The energy cost of this approach was manageable when electricity was cheap and climate was stable. Neither condition holds now. Glass curtain-wall buildings, with their large unshaded window areas, require enormous heating and cooling loads to maintain comfortable interior temperatures. As exterior temperatures become more extreme, those loads grow. Roaf, who is Emeritus Professor of Architectural Engineering at Heriot Watt University, describes continuing down this path as "a dead-end generation of unadaptable and thermally dangerous buildings that require so much energy to remain habitable, that only the very wealthiest will be able to afford to occupy them."
What climate-ready design actually looks like
The book draws on examples from traditional and contemporary architecture across multiple climatic zones. Mongolian yurts, Maori philosophy on human wellbeing, innovative naturally ventilated buildings in South East Asia, and community infrastructure strategies from Sweden all appear as sources of transferable principles.
The common thread is what the authors call "hybrid or mixed-mode" buildings: structures designed to maintain comfortable temperatures using passive means - natural ventilation, solar gain management, thermal mass - for as much of the year as possible, calling on mechanical systems only when passive approaches are insufficient. This is not a nostalgic return to pre-industrial construction. It requires careful climate analysis, materials knowledge, and architectural skill. What it does not require is burning continuously increasing amounts of energy to compensate for buildings that fight rather than work with their local environment.
One U.S. study cited in the book found that fear of crime during urban heat waves prevented residents from opening windows - a social factor that can override any architectural provision for natural ventilation. In Sweden, researchers found that older people meeting in a community hall experienced measurably better thermal comfort than they did alone in their homes at the same temperature. Comfort is physiologically real, and it is not exclusively a function of air temperature.
Who needs to act and how
The practical changes required span multiple levels. Individual architects and engineers need training in passive design principles that current curricula often underemphasize. Building codes need thermal performance standards that account for extreme conditions rather than average conditions. Urban planning needs to address the heat island effects of dense, hard-surfaced cities that amplify already dangerous heat events.

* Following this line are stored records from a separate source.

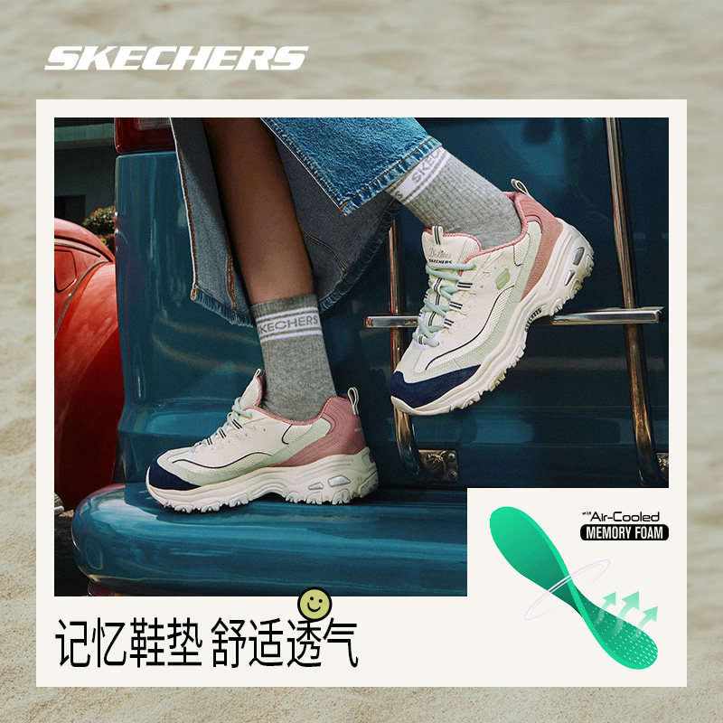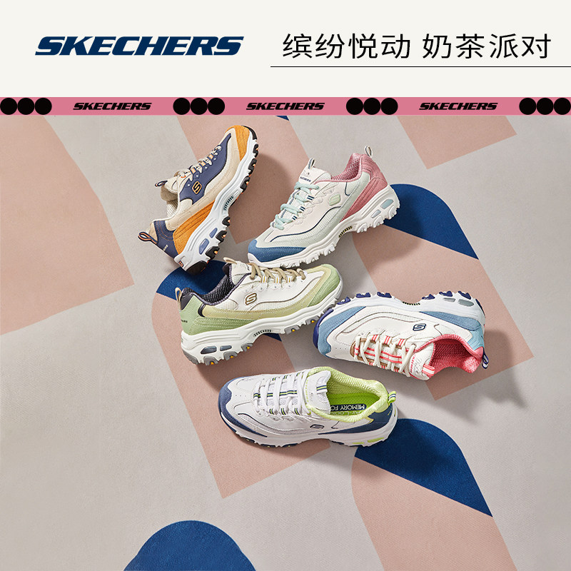 Skechers斯凯奇奶茶熊复古厚底春秋老爹鞋女运动鞋亲子款休闲鞋子
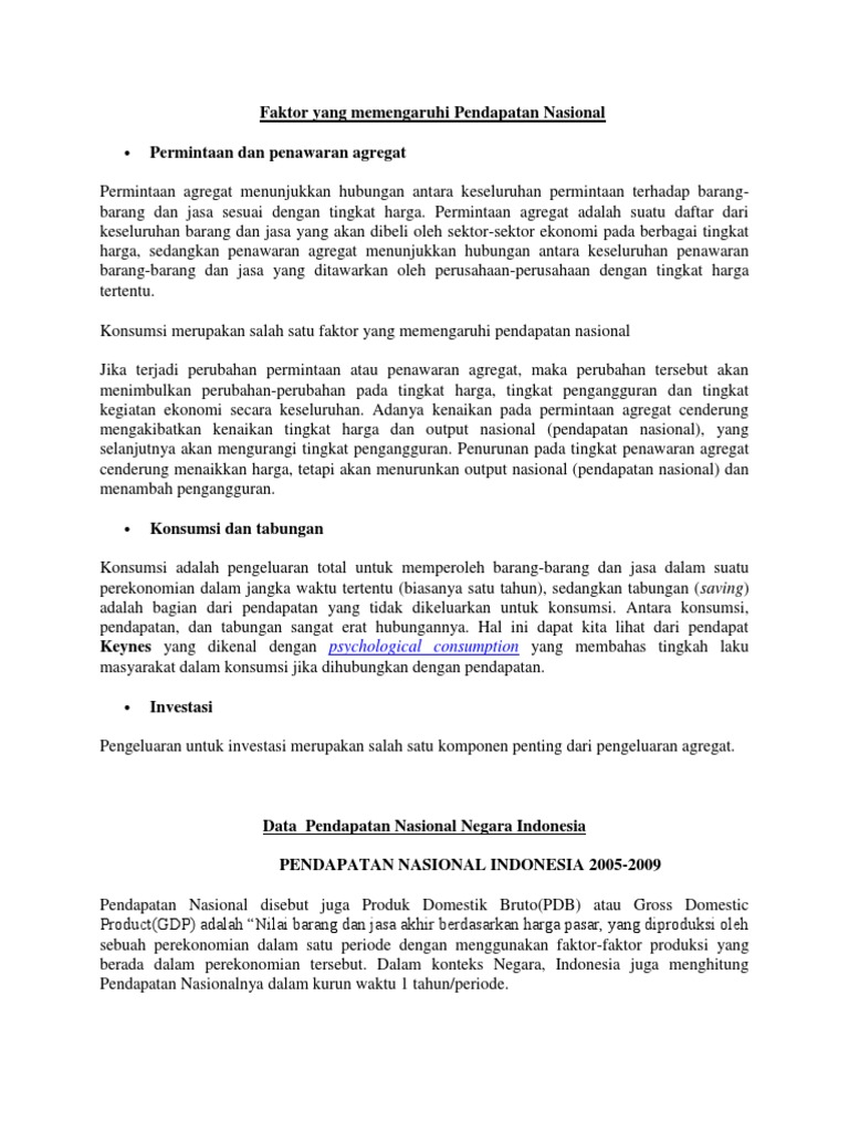 Faktor Yang Memengaruhi Pendapatan Nasional
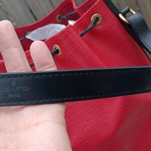 MY AUCTION IS FOR A LOUIS VUITTON EPI PETIT NOE RED BLACK LEATHER SHOULDER PURSE, DATE CODE AR0985 . THIS PURSE IS PREOWNED ABUT LOOKS NICE FOR THE AGE. THE DRAWSTRING CORD DOES HAVE A BREAK IN IT, WILL HAVE TO BE REPLACED SOON , STILL WORKS THE WAY IT IS. NO DUST BAG, YES ITS AUTHENTIC . CONTACT ME WITH ANY QUESTIONS. ALL SALES ARE FINAL.
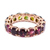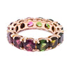 Our favourite colour combination; green and pink! Half of this eternity style ring is set with berry pink and the other half with dark green, round tourmalines.

The book's framing is deliberately urgent. It does not present these changes as desirable refinements but as necessities - a response to a trajectory in which thermally dangerous buildings become an equity issue, separating those who can afford to cool their homes from those who cannot. The authors conclude with a call to relearn from the wisdom of traditional builders worldwide who have always designed for the extremes their climates actually produce.